■ What you need to do ■
Your answer should hold exactly the lines below from the line with "CARDA CIRCULAR CON" through the line with "伊(6画)関(19画) 麻(11画)里(7画)衣(6画)", both included, and no pictures at all.

■ Data to process ■
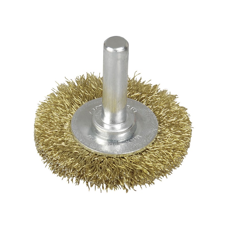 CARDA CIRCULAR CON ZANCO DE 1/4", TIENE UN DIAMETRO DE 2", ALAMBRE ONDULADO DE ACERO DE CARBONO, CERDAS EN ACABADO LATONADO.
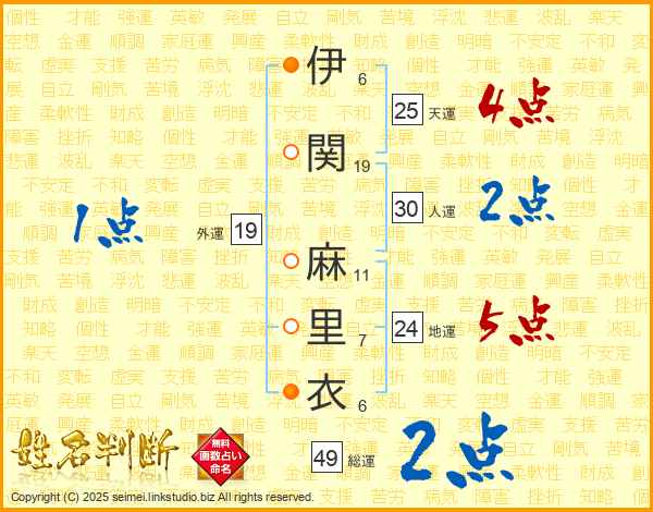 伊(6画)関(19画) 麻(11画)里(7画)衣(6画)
...
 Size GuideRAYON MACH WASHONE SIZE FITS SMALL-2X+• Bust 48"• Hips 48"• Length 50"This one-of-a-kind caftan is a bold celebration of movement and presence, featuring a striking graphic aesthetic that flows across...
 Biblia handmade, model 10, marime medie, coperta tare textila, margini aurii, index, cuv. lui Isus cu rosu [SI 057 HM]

■ Exercise response ■
 CARDA CIRCULAR CON ZANCO DE 1/4", TIENE UN DIAMETRO DE 2", ALAMBRE ONDULADO DE ACERO DE CARBONO, CERDAS EN ACABADO LATONADO.
 伊(6画)関(19画) 麻(11画)里(7画)衣(6画)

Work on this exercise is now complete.